— И тем не менее мы должны его заковать. Одиннадцать стражей, и одиннадцать перевернутых стражей, и одиннадцать раз по одиннадцать. Замок, достаточно крепкий, чтобы запереть врата самого ада!
— Такая штука… не уверена, что это то, что я хочу носить на своем лице.
— Тебе надо поесть. А потом тебе надо отдохнуть. И еще тебе необходимо пить побольше воды.
— Воды-то зачем?
— Пить много воды всегда необходимо. Татуировка займет несколько дней. Для тебя этот процесс будет выматывающим, и еще больше — для меня.
Рикке смотрела на дымок от костра, тянущийся над озером, поглаживая свою щеку кончиками пальцев.
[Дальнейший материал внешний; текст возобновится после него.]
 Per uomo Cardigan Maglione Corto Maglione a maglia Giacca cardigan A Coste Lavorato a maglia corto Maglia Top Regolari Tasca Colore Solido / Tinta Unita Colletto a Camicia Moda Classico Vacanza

Она подумала о горцах, а также о тех ублюдках из-за Кринны, что раскрашивают свои лица синим, и горестно вздохнула, по-лошадиному захлопав губами.
— То есть без татуировок на лице никак не обойтись?
— Для тебя вообще никогда не было обходных путей. — Кауриб пожала плечами. — Нет, ты, конечно, могла бы просто оставить все как есть и позволить своим видениям становиться все безумнее и безумнее, пока они не затянут тебя во тьму и твой ум не разлетится на миллион визжащих кусочков. Это избавило бы меня от лишней работы.
— Спасибо, что оставляешь мне выбор. — Рикке вдруг почувствовала, что готова расплакаться. Ей пришлось несколько раз сильно шмыгнуть носом, чтобы прийти в себя. Однако лучше сделать то, что должен, чем жить в страхе перед этим, и все такое прочее. — Наверное, я тогда лучше соглашусь на татуировки. Раз уж без них это никак не исправить.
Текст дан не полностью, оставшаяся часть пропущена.